Reputation: 4278
I have a data.table
with 4+ columns. The first 3 are necessary to get the data about one unique individual.
c1 c2 c3 c4
a c e other_data
a c e other_data
a c f other_data
a c f other_data
a d f other_data
b d g other_data
# (c1 = "a" AND c2 = "c" AND c3 = "e") => one individual
# (c1 = "a" AND c2 = "c" AND c3 = "f") => another individual
I'd like to compute another column which would mark each individual :
c1 c2 c3 c4 unique_individual_id
a c e other_data 1
a c e other_data 1
a c f other_data 2
a c f other_data 2
a d f other_data 3
b d g other_data 4
I would like to get a unique hash out of the content of the 3 columns.

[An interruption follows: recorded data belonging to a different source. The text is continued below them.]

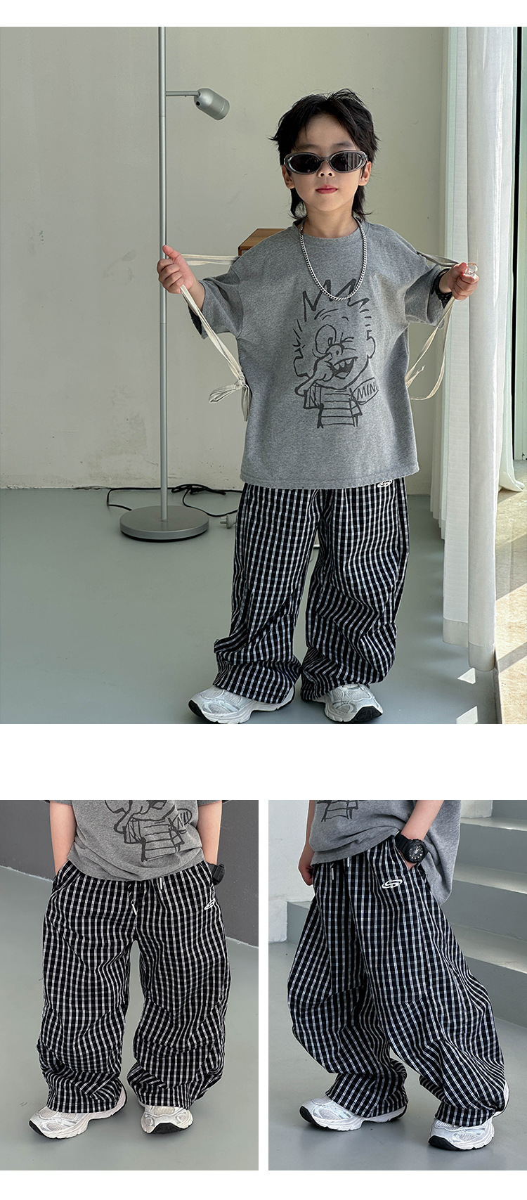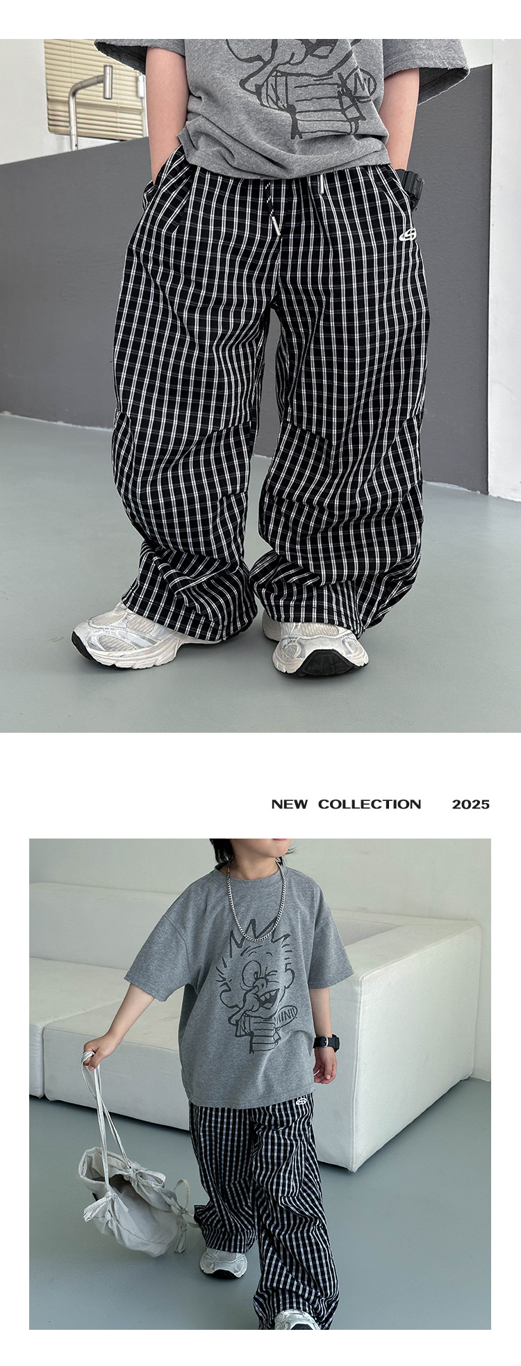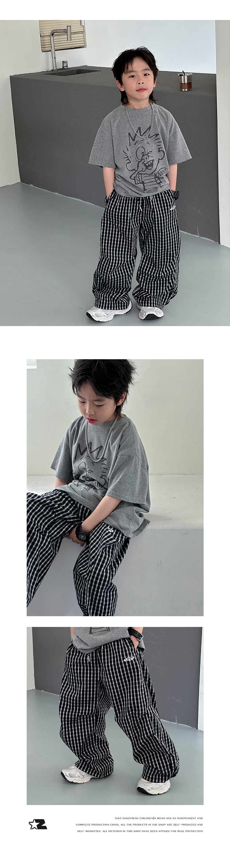 아동 패션 와이드 팬츠 2025 여름 신작 남아 한국식 체크 무늬 스트레이트 팬츠 중대형 아동용 다용도 여름 패션 트렌드
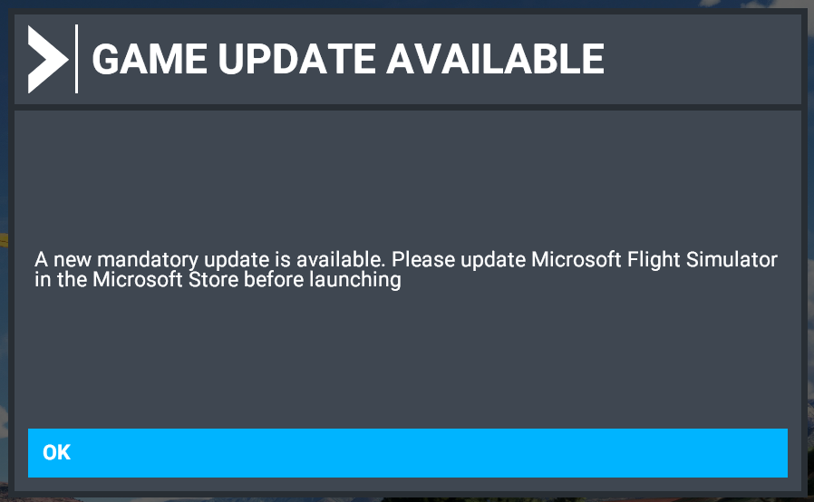 Post that i restarted 5 times and then the update window in the ms store popped up (did not pop up before 5 times). Now that it updated the MSFS, i launch it from the app and it start but then shows the same âMandatory updated requiredâ on the MSFS window. I am back to the square one and now it doesnât show the update option in the store as well. Anyone with same problem ?
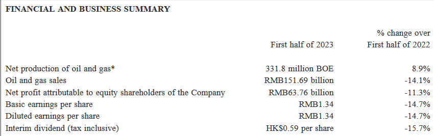 At the same time, China’s own oil producer, CNOOC, has posted double digit profit declines for the first half of 2023 relative to the first half of 2022.
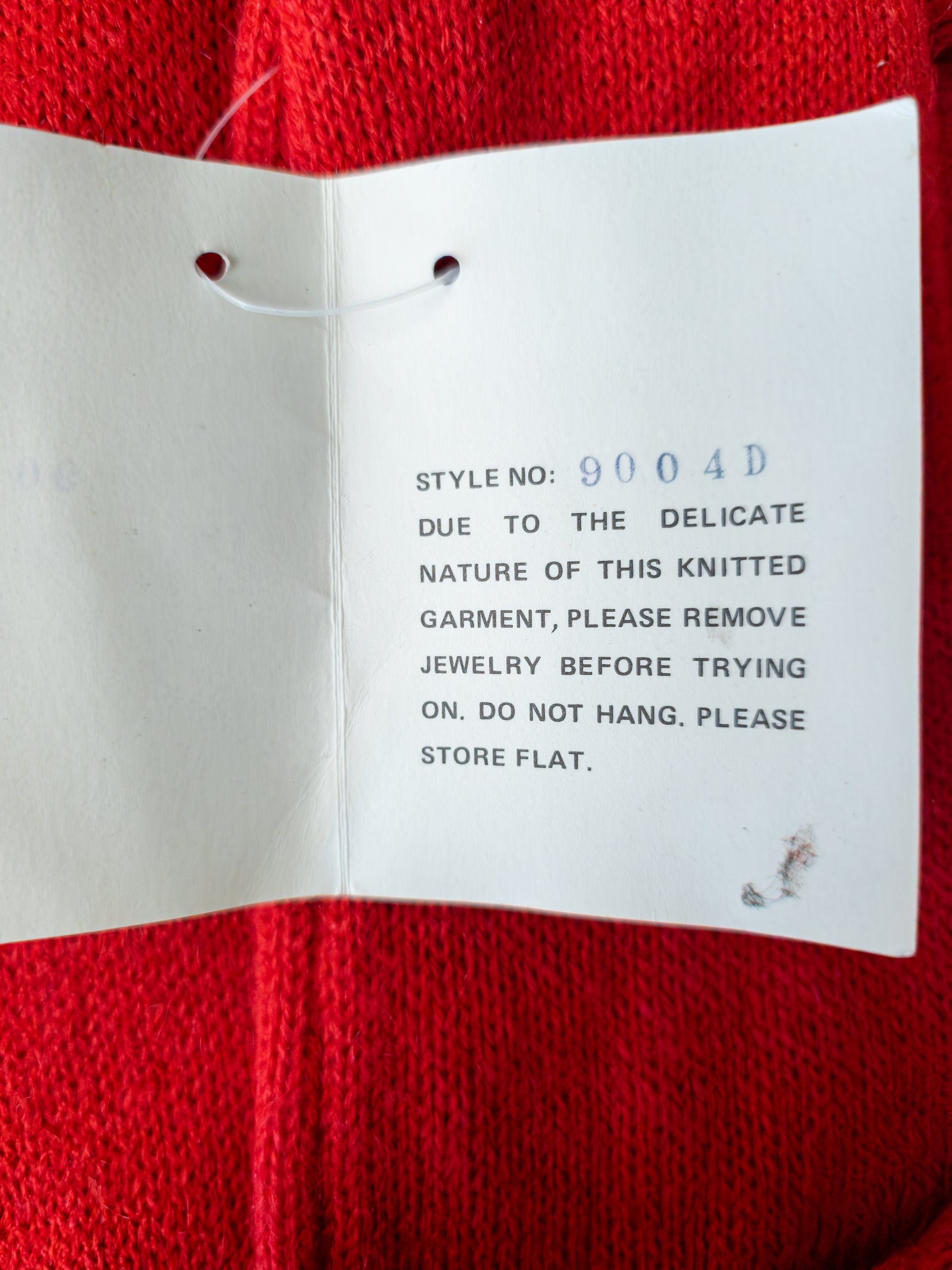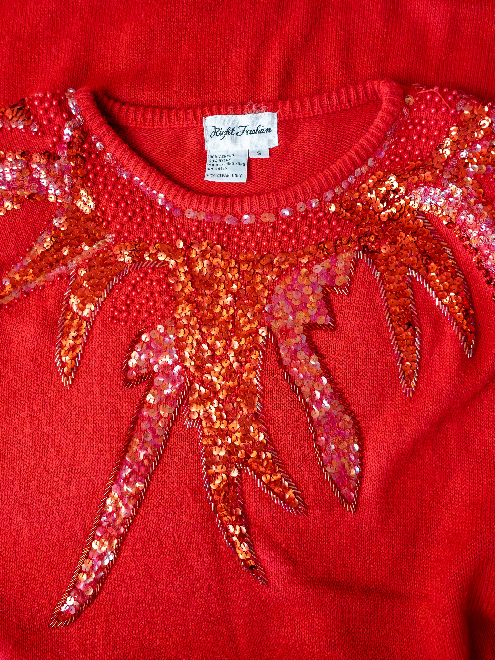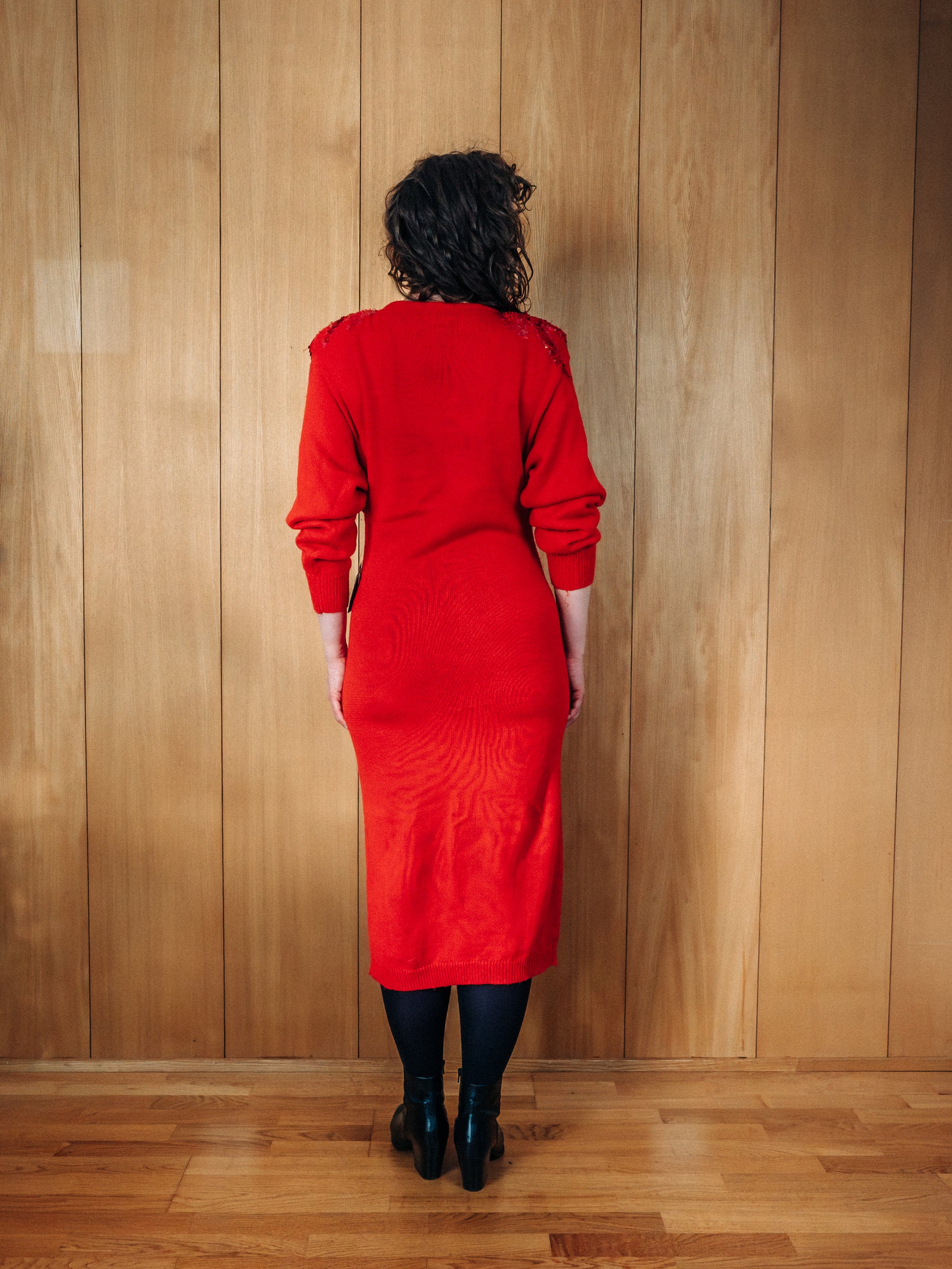 Ónotaður vintage 80s prjónakjóll frá Right fashion. Geggjaður rauður prjónakjóll með pallíettum og perlum. Klassískt 80s snið með axlarpúðum, doleman ermum en annars aðsniðinn bodycon kjóll. Kjóllinn er mjúkur úr blöndu af akrýl og nylon sem teygist vel. Ástand mjög gott. Ónotaður og enn með áföstum miðum (new old stock). Mjög sjaldgæfur fundur. Merkt stærð S en passar á líka á medium þar sem efnið teygist. Áætluð stærð S/M.
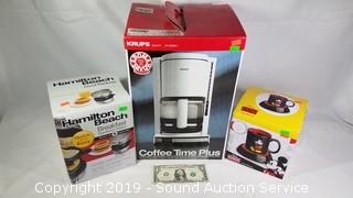 Discription: Includes: Krups Coffee Time Plus 12-Cup Electronic Coffee Maker, Hamilton Beach Breakfast Sandwich Maker, and Mickey Mouse Mug w/Warmer.
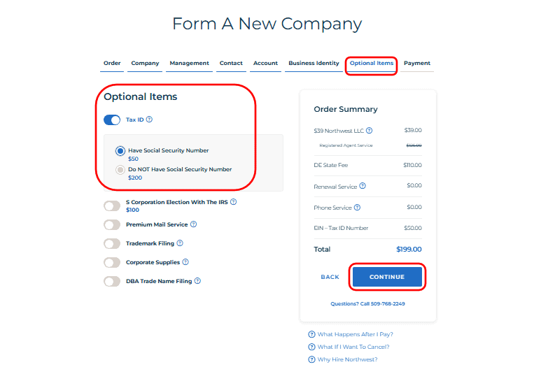 - This section includes useful extra services like the EIN (Employer Identification Number) — also known as your federal Tax ID.
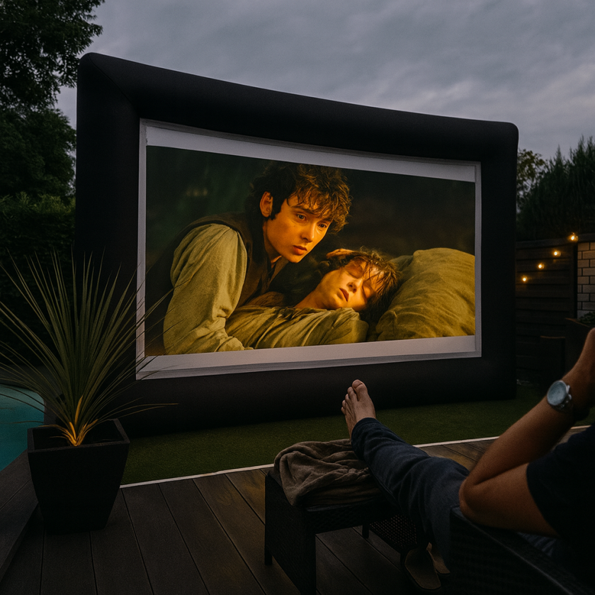 Diese beeindruckende aufblasbare Großleinwand mit einer Breite von 6 Metern und einer Bilddiagonale von 180 Zollverwandelt jeden Garten, jede Terrasse oder Eventfläche in ein echtes Open-Air-Kino.
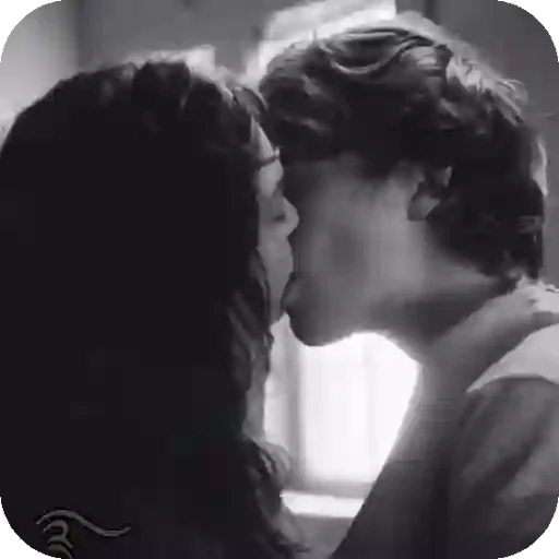 Um casal se beijando, com a mulher à esquerda e o homem à direita, em preto e branco.
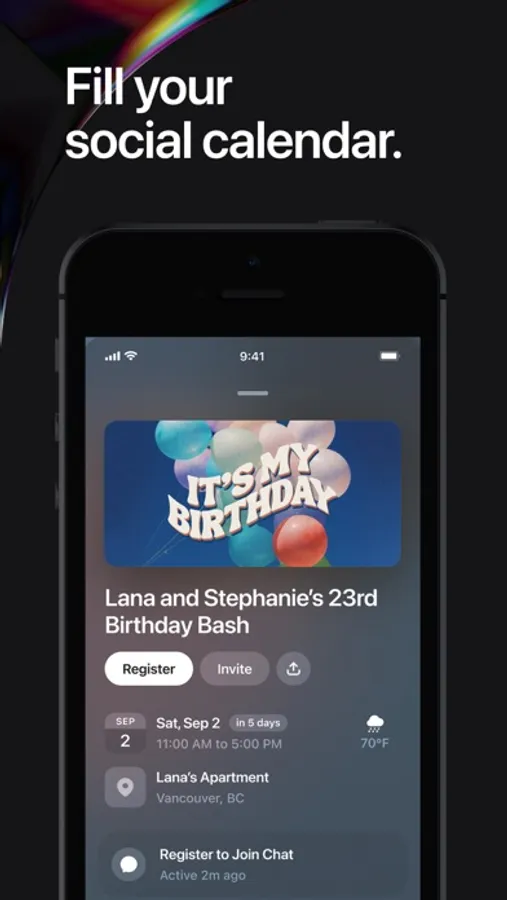 You can create a beautiful event page in just a few seconds. Just choose a cover image, name, location and time for your event. We’ll take care of the rest.
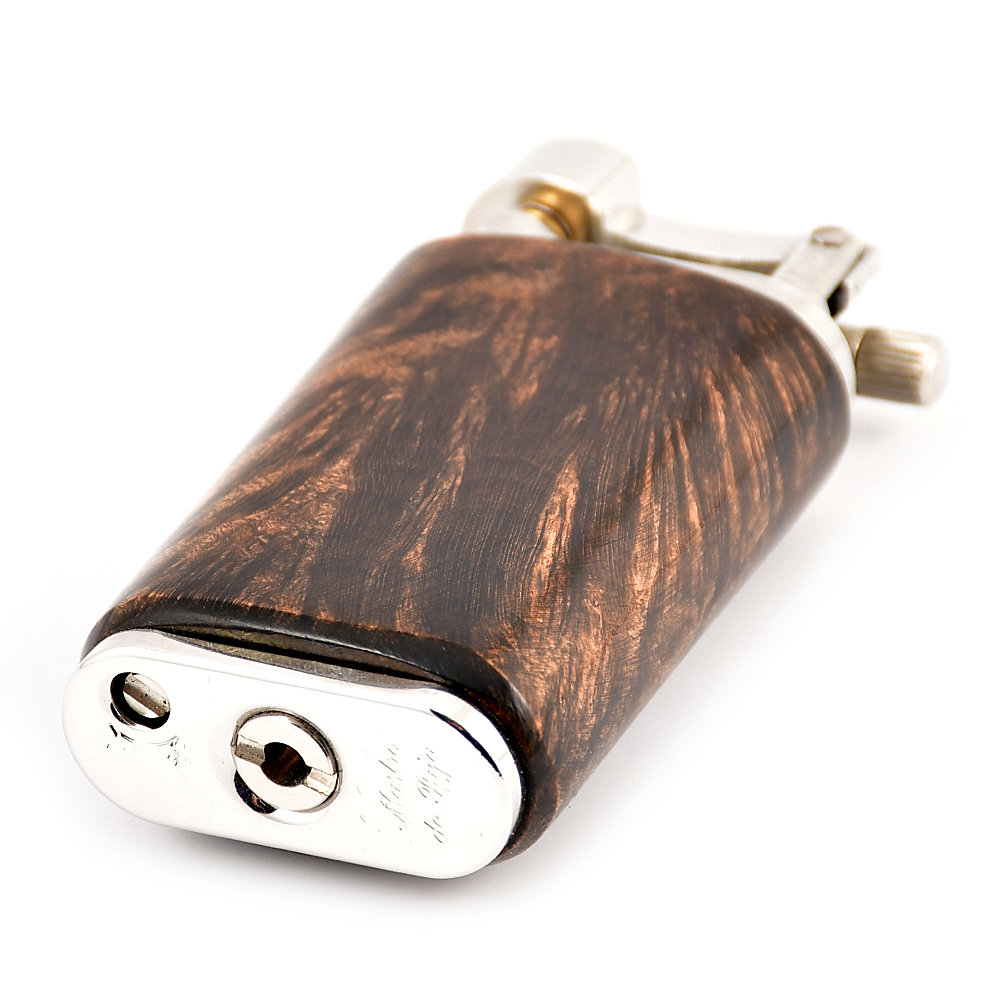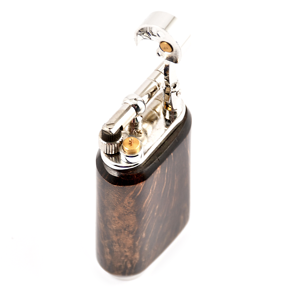 Внешний корпус зажигалки сделан из Бриара и инкрустирован серебряным украшением в виде трубки.

How would I do that in code ?
Upvotes: 2
Views: 540
Reputation: 1975
Alternatively, you can paste the values of interest (for each row, you paste together the values in columns 1, 2, and 3), convert to factor and then to integer (this will return an unique ID num for your combination.
df <- data.frame(c("a", "a", "b", "c", "c", "d", "d"),
c("a", "a", "b", "c", "d", "e", "e"),
c("c", "c", "d", "d", "e", "e", "e"))
df$ID <- as.numeric(as.factor(sapply(1:nrow(df), (function(i) {paste(df[i, 1:3], collapse = "")}))))
Upvotes: 2
Reputation: 887891
We can use interaction
to create the unique index
df1$unique_individual_id <- as.integer(do.call(interaction, c(df1[-4], drop = TRUE)))
df1$unique_individual_id
#[1] 1 1 2 2 3 4
Upvotes: 3